▶ _Required action_: Write again exactly the lines in the listing below, starting at the line with "MONOKO 2-pack soap" and ending at the line with "据新华社电 中共中央总书记、", both included. Pictures are not copied.

▶ _Data shown_:
Content starts
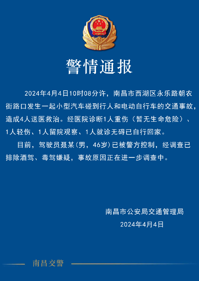 记者从江西省南昌市公安局交通管理局了解到,2024年4月4日10时08分许,江西省南昌市西湖区永乐路朝农街路口发生一起小型汽车碰到行人和电动自行车的交通事故,造成4人送医救治。经医院诊断1人重伤(暂无生命危险)、1人轻伤、1人留院观察、1人就诊无碍已自行回家。
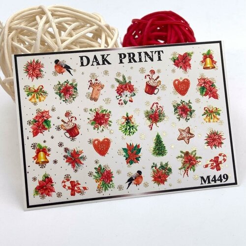 Металлизированные cлайдеры для маникюра (водные наклейки) для дизайна ногтей "Новогодний сет: елка, снегирь, колокольчики"
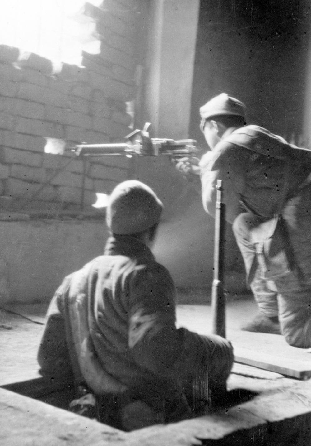 △这是平原地区的民兵正在地道里从一个射击口转移到另一个射击口去消灭敌人(资料照片)。新华社发
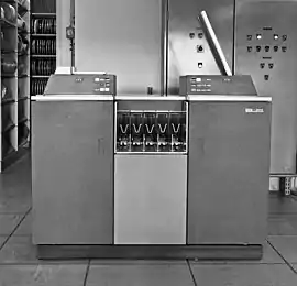 The IBM 2540 is a punched-card computer peripheral manufactured by IBM Corporation for use of System/360 and later computer systems. The 2540 was designed by IBM's Data Processing Division in Rochester, Minnesota, and was introduced in 1965.[1] The 2540 can read punched-cards at 1000 cards per minute (CPM) and punch at 300 CPM. The 2540 is based on the design of the older, slightly slower, 1402.
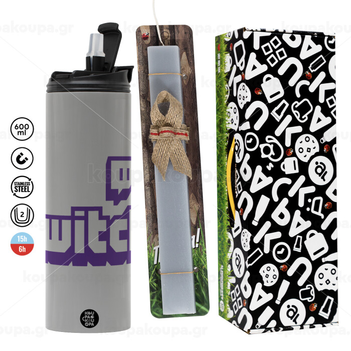 Twitch, Πασχαλινή Λαμπάδα με Travel Tumbler θερμό (600ml, BPA free) & κερί αρωματικό πλακέ (30cm) (ΓΚΡΙ)
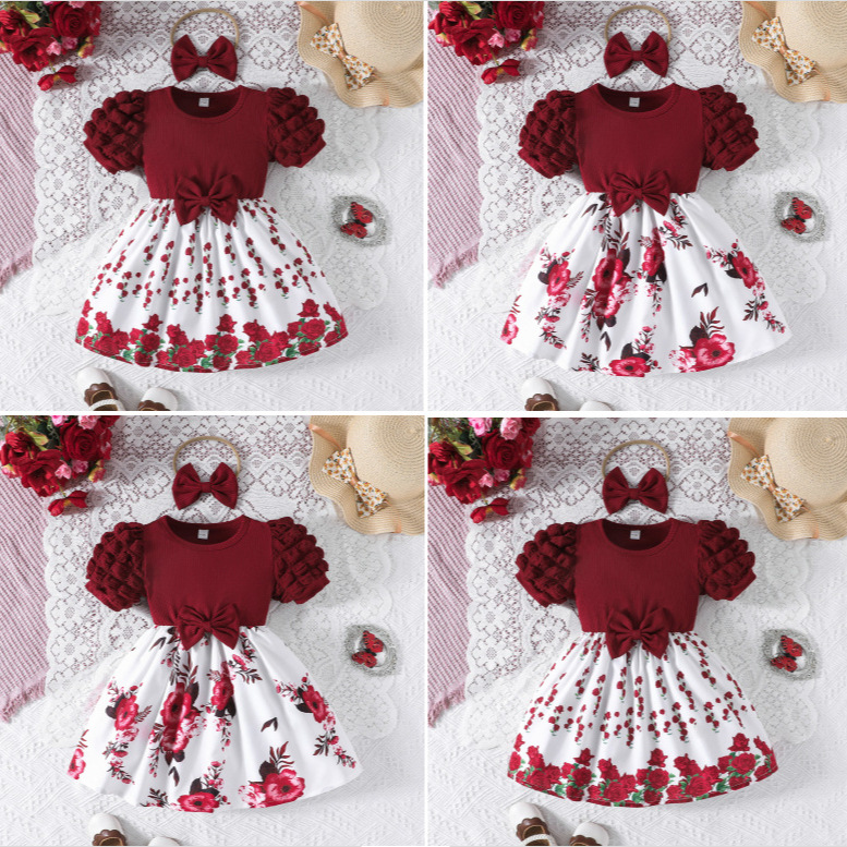 Cross Border 2025 Sweet Baby Girl Bow Decorative Small Floral dress Turban Summer Daily New Style
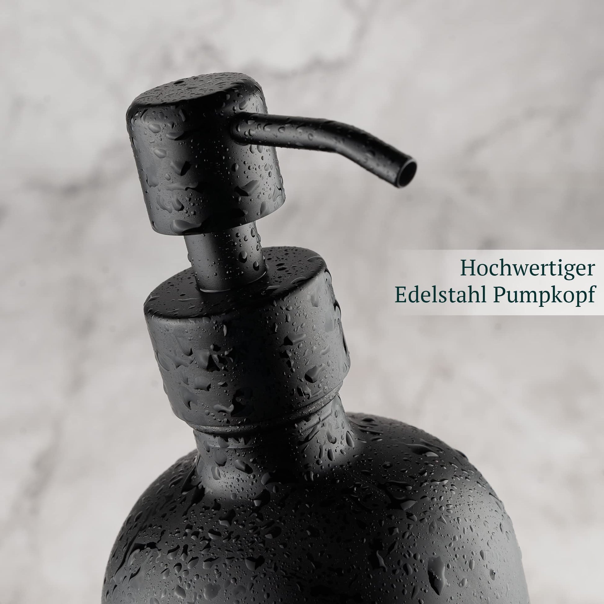 MONOKO 2-pack soap dispenser in black matte glass with tray | 500/250ml kitchen dish soap dispenser | refillable bottles | stainless steel pump head | pump bottle + sticker
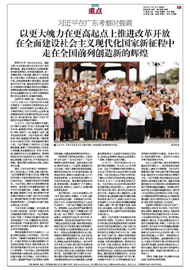 据新华社电 中共中央总书记、国家主席、中央军委主席习近平近日在广东考察时强调,要坚决贯彻党中央战略部署,坚持新发展理念,坚持高质量发展,进一步解放思想、大胆创新、真抓实干、奋发进取,以更大魄力、在
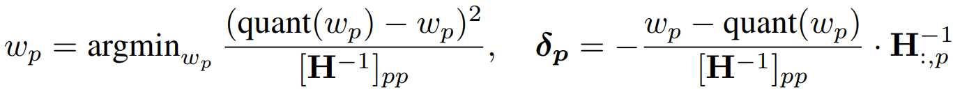 손실 변동이 가장 작은 인덱스를 제외한 다른 가중치는 동시에 양자화하지 않는다. 다른 가중치가 업데이트됨으로써 양자화 오류를 보상하여 전체적인 양자화 결과가 더 좋아질 수 있기 때문이다. 이전 챕터의 알고리즘 1에 양자화를 연결하여 가지치기와 통합할 수 있다. (언급은 안돼있지만 양자화/가지치기 후에 해당 인덱스는 고정할 듯)
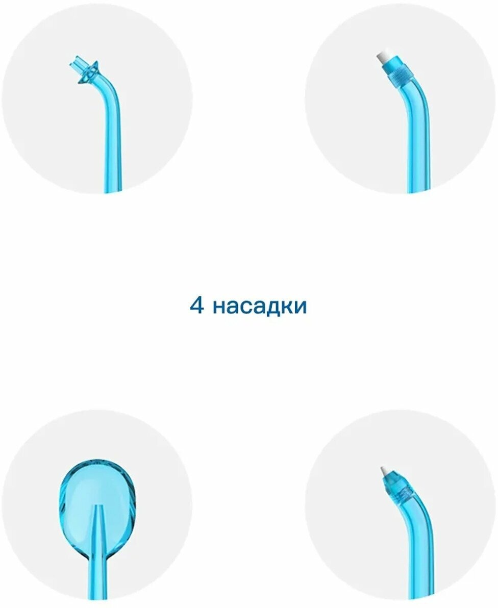 | Комплектация | Ирригатор, Стандартная насадка, Ложка, Пародонтическая насадка, Ортодонтическая насадка, Кабель для зарядки |
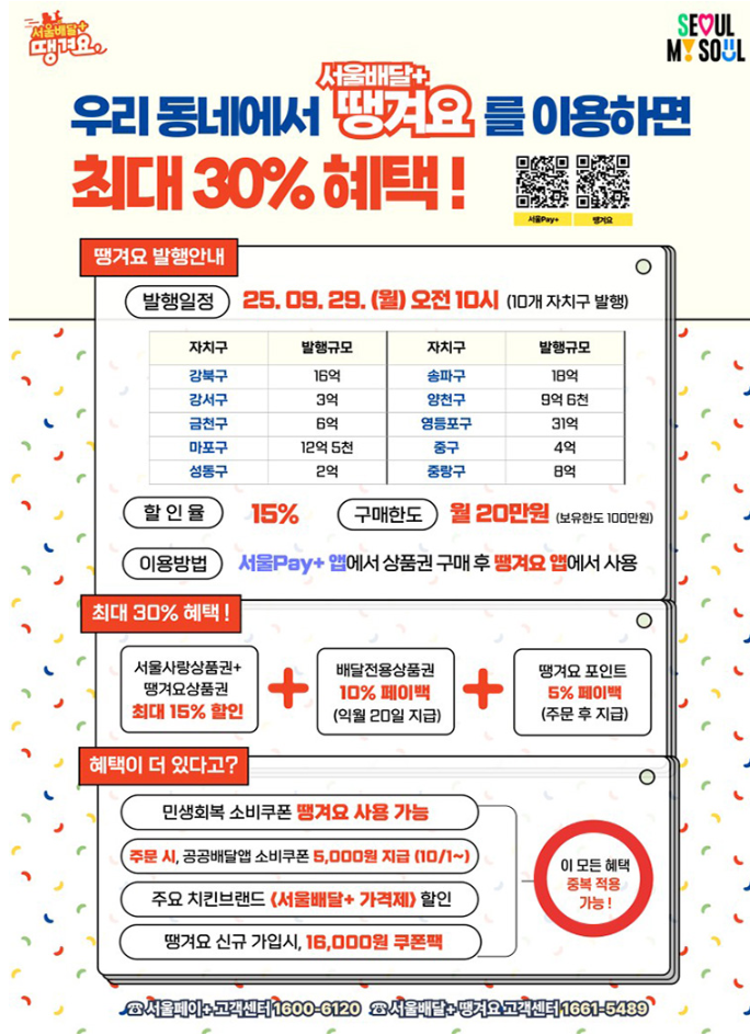 서울시가 발행하는 ‘서울배달+땡겨요’ 배달전용상품권은 단순한 지역화폐가 아닌, 시민과 소상공인 모두에게 실질적인 혜택을 주는 스마트한 정책입니다. 2025년 9월 29일부터 시작되는 이번 발행은 10개 자치구를 대상으로 하며, 소비자는 상품권 15% 할인 + 10% 페이백 + 5% 포인트 적립을 통해 최대 30%의 혜택을 누릴 수 있습니다. 여기에 농림축산식품부의 소비쿠폰까지 더해져 체감 절약 효과는 더욱 커집니다. 또한 자체 배달 서비스 ‘땡배달’을 통해 배달비 절감, 실시간 위치 확인, 빠른 배달시간 등 서비스 품질도 크게 개선됩니다. 이번 기회는 단순한 할인 이상의 가치를 제공하며, 서울시민의 생활비 절약과 소상공인의 매출 증대라는 두 가지 효과를 동시에 이끌어낼 것입니다. 배달앱을 자주 이용하신다면 이번 정책을 꼭 활용해 보시길 권장드립니다.
Content ends
▶ _Response below_:
 MONOKO 2-pack soap dispenser in black matte glass with tray | 500/250ml kitchen dish soap dispenser | refillable bottles | stainless steel pump head | pump bottle + sticker
 据新华社电 中共中央总书记、国家主席、中央军委主席习近平近日在广东考察时强调,要坚决贯彻党中央战略部署,坚持新发展理念,坚持高质量发展,进一步解放思想、大胆创新、真抓实干、奋发进取,以更大魄力、在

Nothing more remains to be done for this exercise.